So why does the 19th century writer view single women so harshly, framing them in parasitic terms? First of all, non-maternity is at issue:
“They grow sharp and peevish because all human beings who miss their vocation are unhappy; they suffer, and suffering gives birth to the bitterness of ill-will” (Balzac, The Celibates: The Vicar of Tours)
The absence of desire and love is also singled out, especially as Balzac sees desire as a powerful driving force in his novels, pushing his characters to fulfil their role as heroes. It is a lack of love in the broadest sense that characterises Balzac’s spinster daughters. Deprived of romantic or marital affection, they are also incapable of developing family love: Sylvie Rogron tortures her young cousin to death, Cousin Bette manipulates her entire family to plunge them into misery and achieve her ends. The message is clear: the single woman is a danger to the family, the structure underpinning traditional society. She is thus transformed into a terrifying, even monstrous figure, and often bestialised. What is most frightening about the spinster is her independence, her profound inability to be subject to a man.
A disturbing absence of sex life
It is this freedom, so unsuited to women as they were thought of in the 19th century, that Balzac demonises. Under his pen, old maids lose their femininity and almost systematically acquire a form of androgyny.
So a woman without a man or children, without the desire to be desired, appears to Balzac to cease to be a woman at all. The debate is far from over: in France, we think of Marie Kock’s essay, Spinster (‘Vieille fille’) published in 2022, or the essay by the writer and former porn actress Ovidie, Alas, the flesh is sad (La chair est triste hélas) or her documentary series on national radio France Culture on her life without sex. Not having a sex life, or even claiming it, for a short period or throughout one’s life, continues to disturb society.

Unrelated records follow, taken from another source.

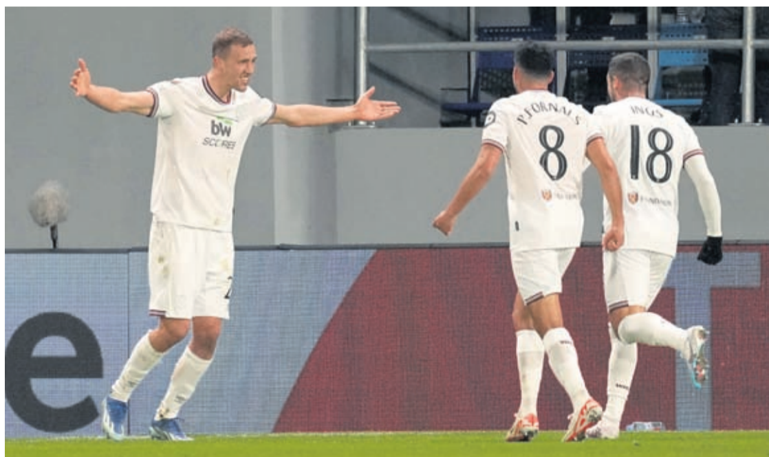
West Ham’s Tomas Soucek, left, celebrates after scoring his side’s opening goal during the Europa League group A soccer match between FK TSC Backa Topola and West Ham United at the TSC Arena in Backa Topola, Serbia, Thursday, Nov. 30, 2023.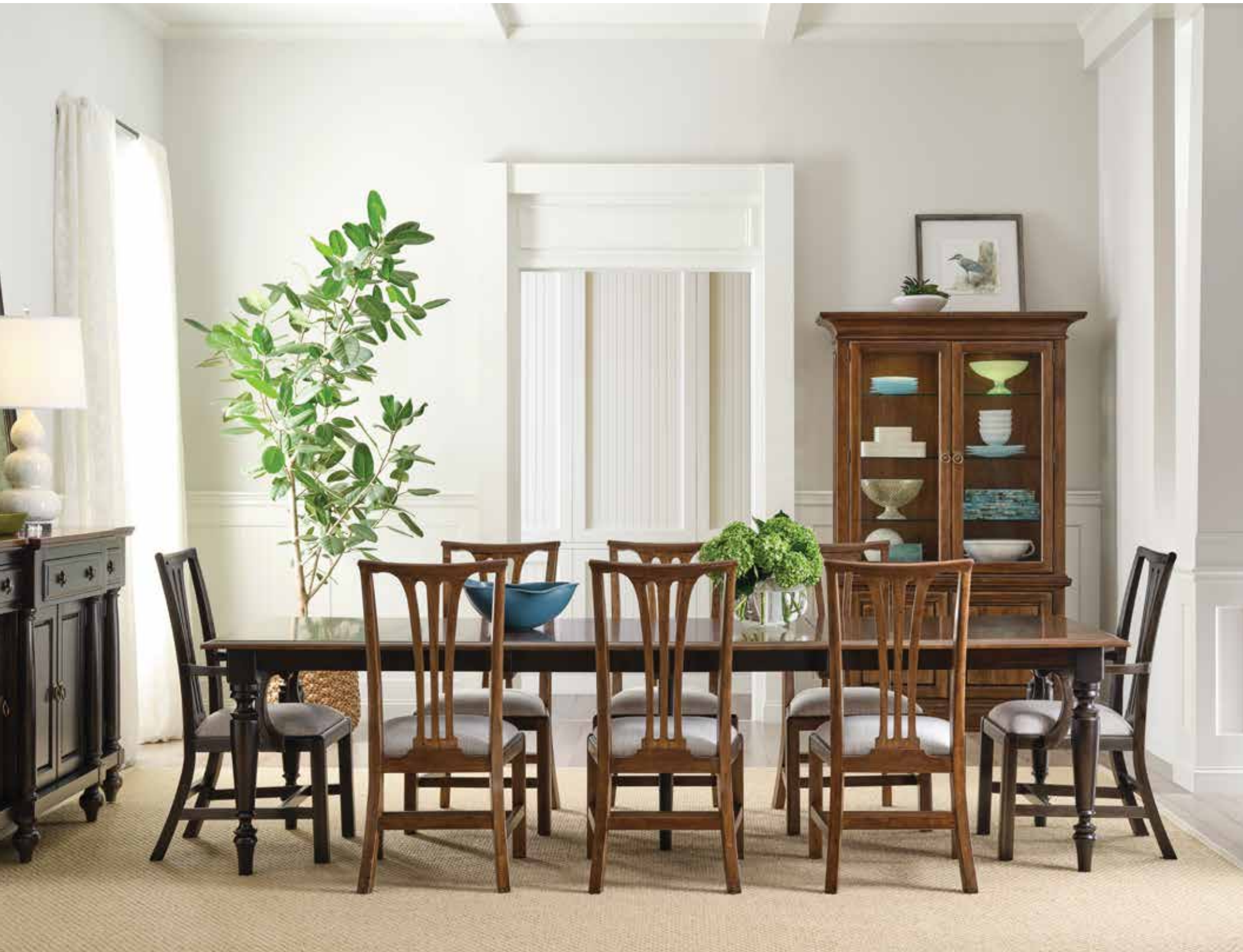
487-744B Nicholas Leg Table, 487-623B Fitts Arm Chair, 487-622 Fitts Side Chair, 487-830P Connell China, 487-858B Harrison Credenza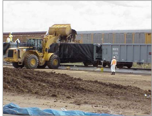
PE Superintendent Overseeing Load-out Activities

Field engineers provided on-site support including but not limited to excavation and design techniques, utility locating, water treatment, ground water and storm water control and management, equipment selection, drawing/specification modifications and clarifications, as-built drawings, field surveying and staking with a Global Positioning System and laser levels, soil and water sampling, and soil testing for transportation and disposal, utility locating, oversight of all excavation and backfill activities, and coordination with the Operations Manager.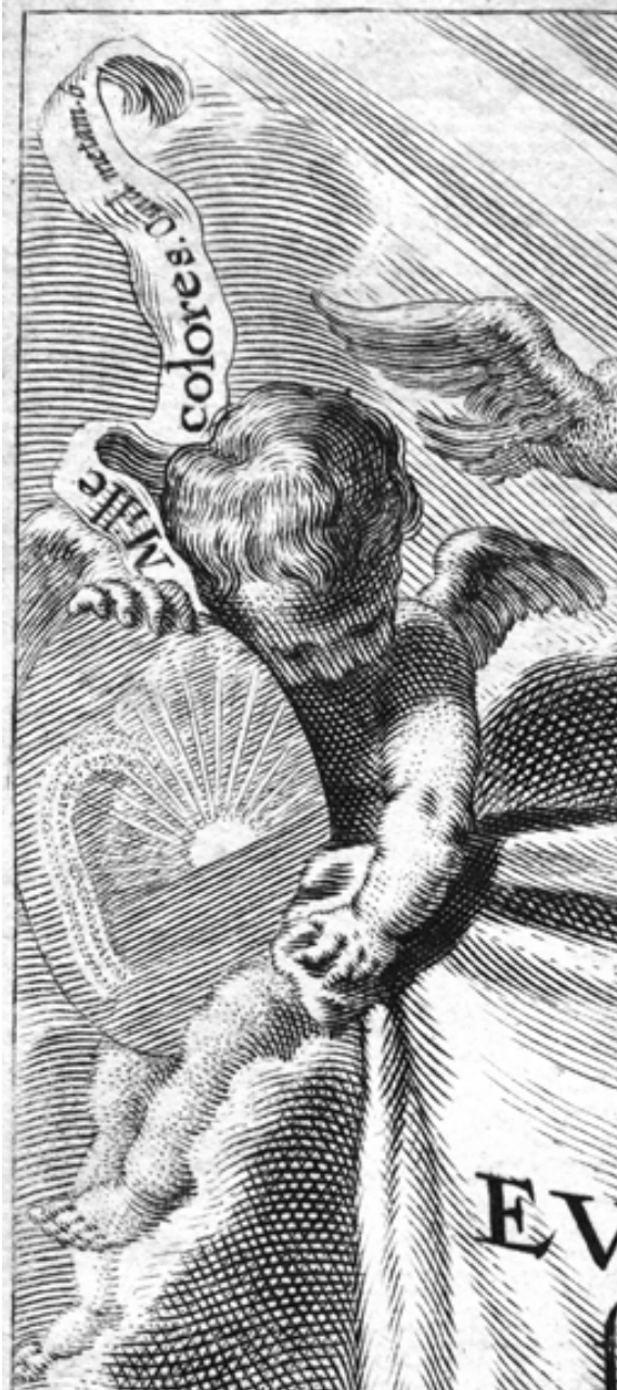
fig. 6: Idem, detail.

The motto “Haec amat obscurum” (“it loves the dark”) comes from Horace’s De arte poetica v. 363 (65–68 BCE). The quotation is found in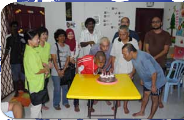
Celebrating Father's Day.

The home currently houses 15 male patients in a rented bungalow in Petaling Jaya. As an NGO, the home is strictly dependent on freewill donations from the public and companies. This home provides a place for rehabilitation for such patients before they return to their homes. Personal counseling and medical consultation is often carried out to ensure that the patients are healthy both emotionally and physically during the rehabilitation process.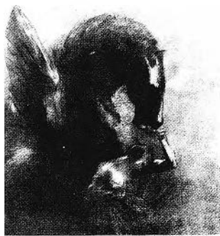
FIGURE 3. Odilon Redon, Pégase captif , 1889. Ottawa, National Gallery of Canada.

When the Balzacian heroine is not possessed by a husband or lover, the forces are reversed, with male domination turned upside down. Mademoiselle Gamard, Sylvie Rogron and Cousin Bette subjugate the men around them in an unnatural ascension. Seen from this angle, the female celibacy portrayed in La Comédie Humaine takes on an anarchic, almost revolutionary quality, capable of threatening age-old institutions.
And while Balzac is at pains to show us his deep detestation of these dangers, we also sense a certain fascination with the profound immorality of his terrible bachelors. After all, one of his most delightful novels, Cousin Bette, is driven by its vicious, sapphic anti-heroine and her Machiavellian schemes, which he describes with obvious glee, making her, more or less in spite of himself, far more charismatic and memorable than her “respectable” peers.